With the level of hysteria on Cloud Computing reaching astonishing levels, I find the huge claims by major league pundits ring hollow but now that management teams are issuing requests that are flowing down into the Technical Design process it seems time to reflect on what Cloud Computing will do to the design process. Cloud Computing is something that we have been doing for years in our data centres, the only difference is that it looks simpler.

The marketing message is beguiling and quite false. Here is what I am hearing: “so you simply move your applications in to the cloud. The cloud will deliver compute and storage resources to deliver whatever, wherever you need it. Moreover, it will cheaper than you are paying.”

What rubbish.

The Seduction

The really seductive part of this pitch, is that all your “pain” around managing an IT infrastructure will go away. You can almost hear the senior management wishing on stars – “I can choose to send all those cost centres to an outsourcing company” with a huge smile on their faces. You know they are thinking “Less head count, less hassle, and better cash flow”.

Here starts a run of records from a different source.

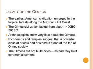 The document discusses the Olmec and Maya civilizations, detailing the Olmecs as the earliest known American civilization with a focus on their religious practices and significant contributions like carved stone heads and a writing system. The Maya civilization flourished later, characterized by advanced farming techniques, impressive architecture, and a rich cultural life, including a complex calendar and hieroglyphic writing. Both civilizations left a legacy that influenced later societies in Middle America, though the reasons for the eventual decline of the Maya around 900 AD remain uncertain.
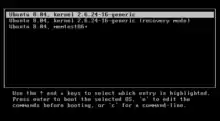 nvidia-current, one could appendmodprobe.blacklist=nvidia-currentat the end of the kernel parameters. - By pressing c, the user enters the GRUB command line. The GRUB command line is not a regular Linux shell, like e.g. bash, and accepts only certain GRUB-specific commands, documented by various Linux distributions.[12]
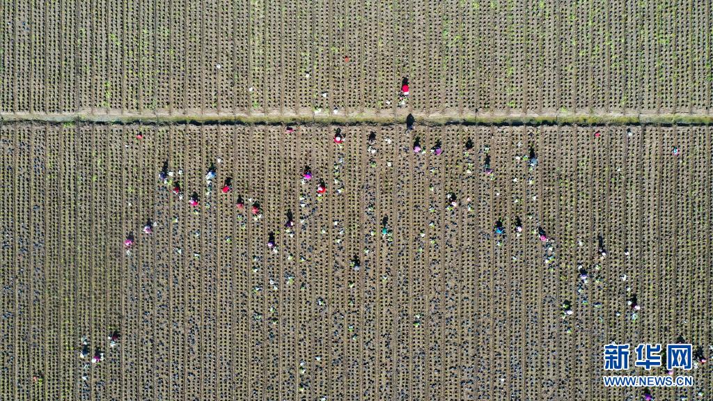 4月5日,江苏省宿迁市沭阳县刘集镇南长庄村农民在田间劳作(无人机照片)。
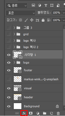 그리고 이 레이어에 획을 추가해줄 거예요. 레이어 패널에서 레이어스타일을 눌러주세요.
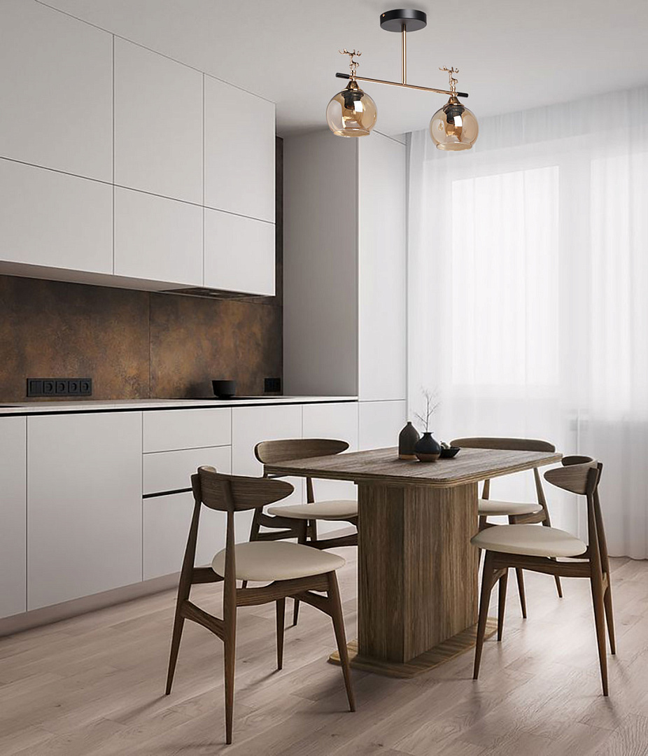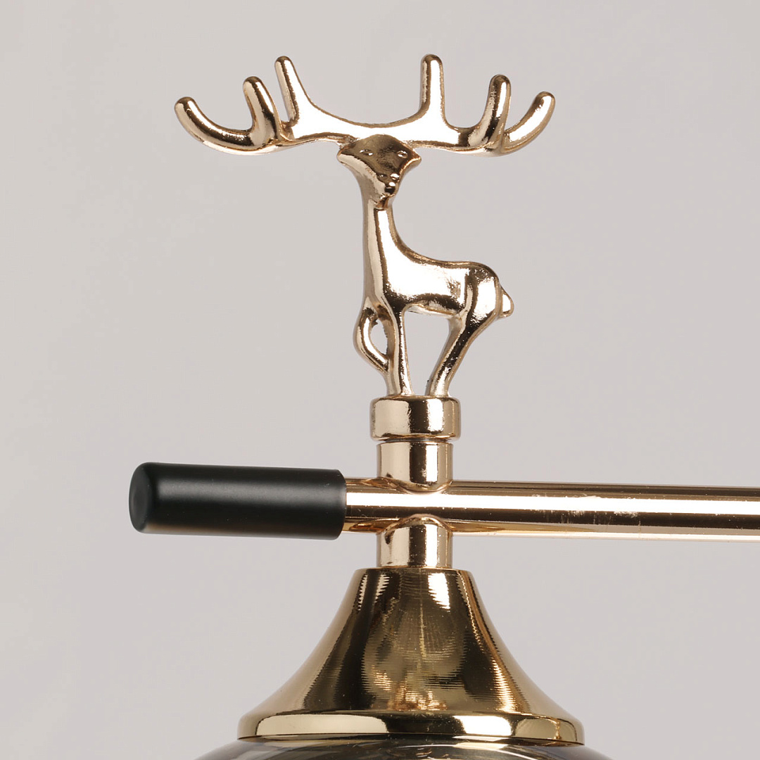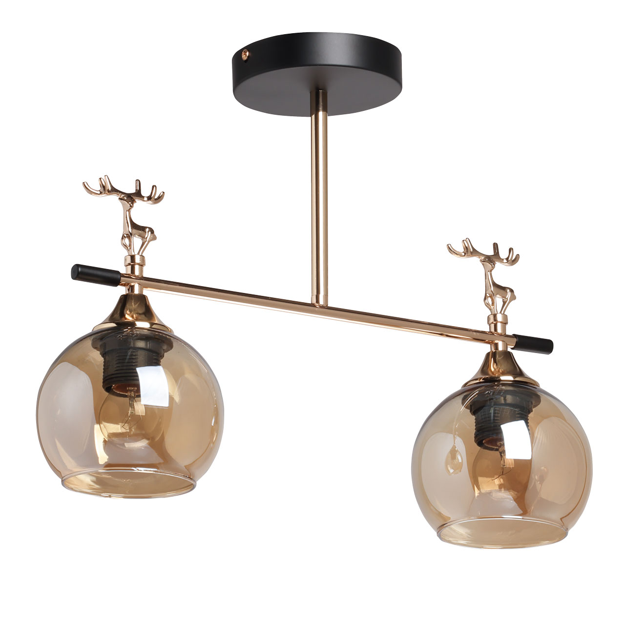 Контрастное сочетание черного цвета и цвета античной бронзы сохраняет свою актуальность. Прямые линии в дизайне светильника придают ему современности и стиля. Стекло плафонов цвета шампань создает уютное освещение. Оригинальный декор в виде фигурок оленей придает люстре изюминку и выделяет ее в ряду декоративных светильников.  Заменяемые источники света удобны в эксплуатации. Компактный размер потолочной люстры сохранит пространство комнаты при стандартных потолках.
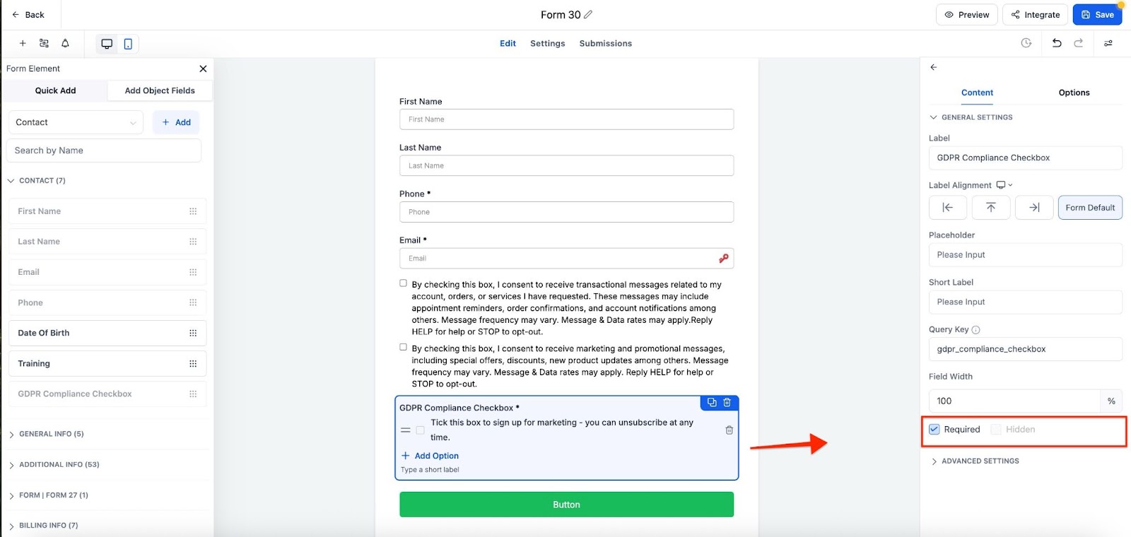 Section titled “Step 2: Making The Checkbox Field Required”- Drag and drop the GDPR checkbox custom field to the form.
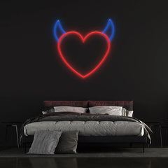 Wild and beautiful, this ‘devil heart’ neon sign is perfect to amp up your bedroom décor. Install it on your wall or against the window without any hassle. The red and blue neon lights blend well with each other. Pick the right size depending on the size of your room.
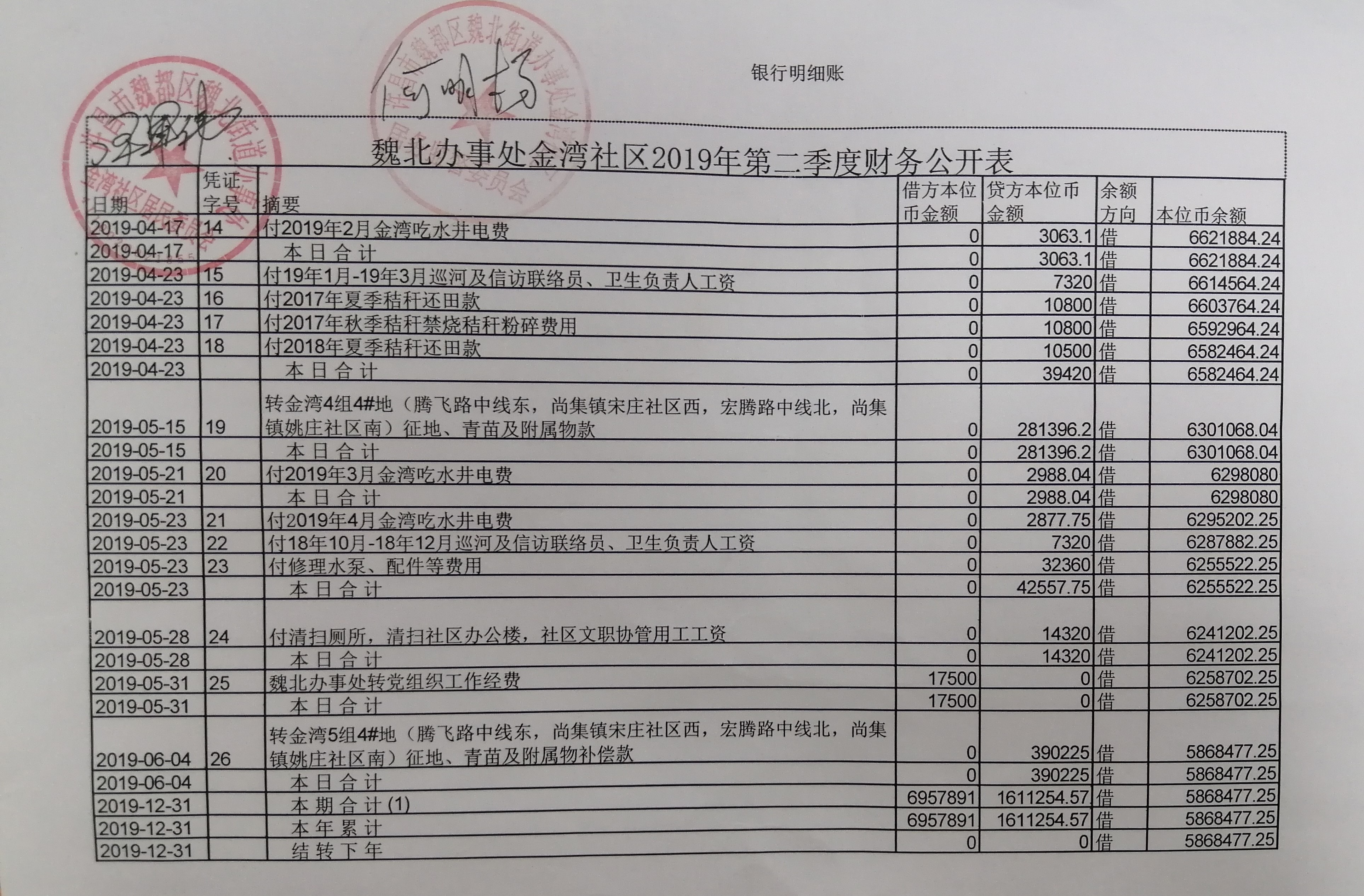 魏北办事处金湾社区2019年第二季度现金账户公开表
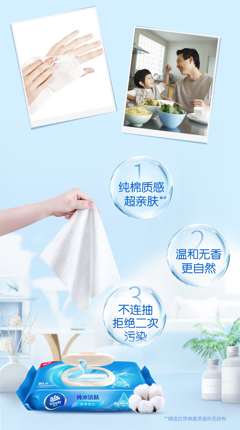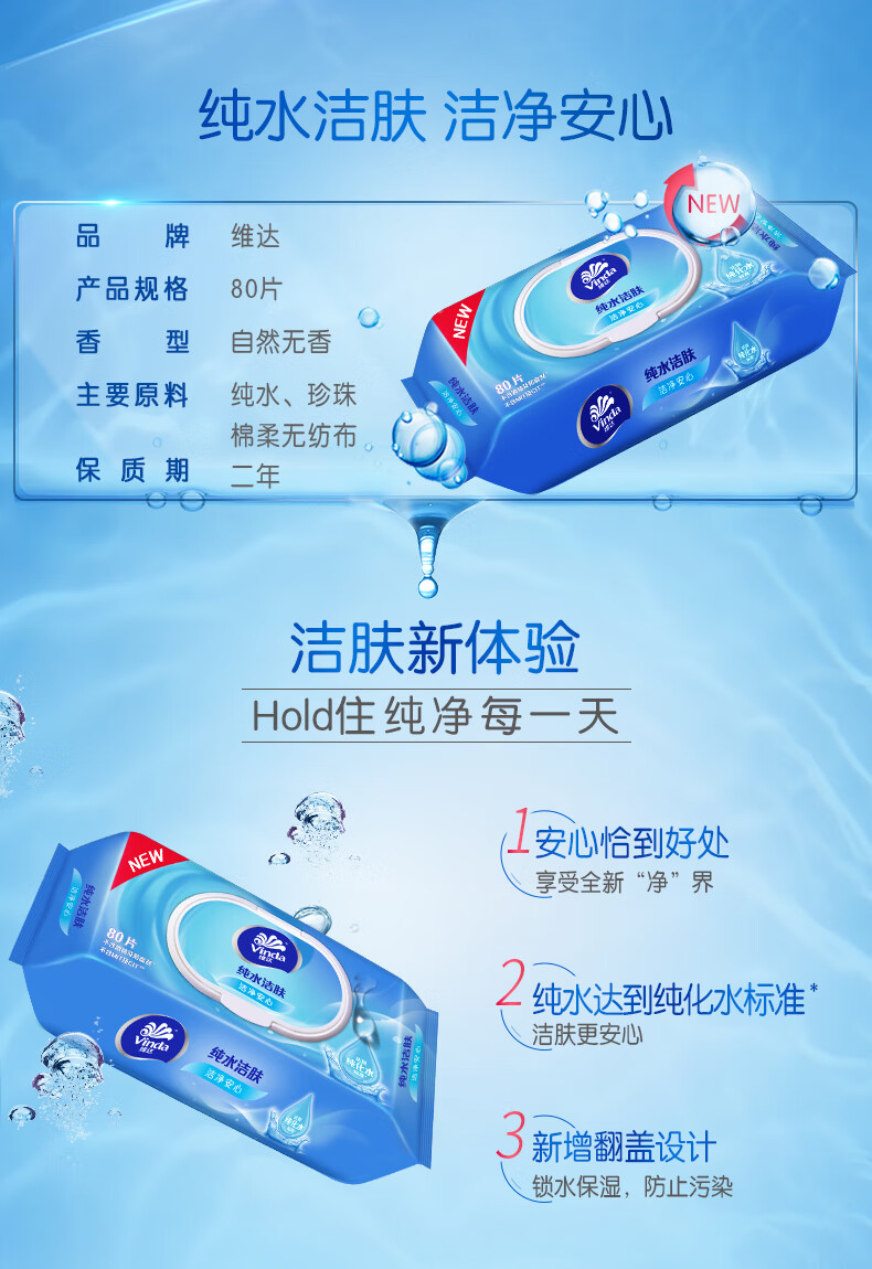 维达纯水湿巾湿纸巾3包240片 DXTWD137(单位:袋) 白色
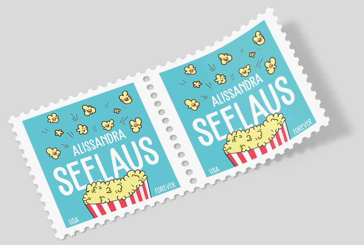 This project explores the work and visual language of graphic designer Alissandra Seelaus through the format of a postage stamp. The goal was to capture the essence of her design style while working within the constraints of a small-scale, highly detailed layout.
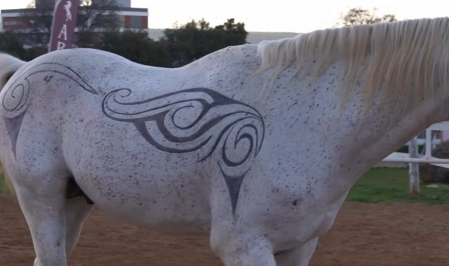 Denizli'de erkek kuaförlüğü yapan ve tribal kesim sanatıyla uğraşan Hüseyin Çaybaş, sosyal medyada gördüğü yabancı ülkelerde yapılan at üzerinde tribal kesimlerinden esinlenerek, Türkiye'yi de bu akıma dahil etti. Binlerce yıllık tribal kesim kültürünü at üzerine nakşeden kuaför Çaybaş, 4 saatlik çalışmayla at üzerine beğeni toplayan sanat eseri ortaya çıkartı.

It’s a good message, and it’s going to work for a lot of companies who are going to waste spend a lot of time on looking at Cloud services.

The Reality is not fully integrated

The only difference between the “Cloud” and the current environment in our data centres is the level of integration between all the components. The seduction stems from the idea that all the storage, all the compute resources and networking connections are already in place. This is possible because they resources are shared around.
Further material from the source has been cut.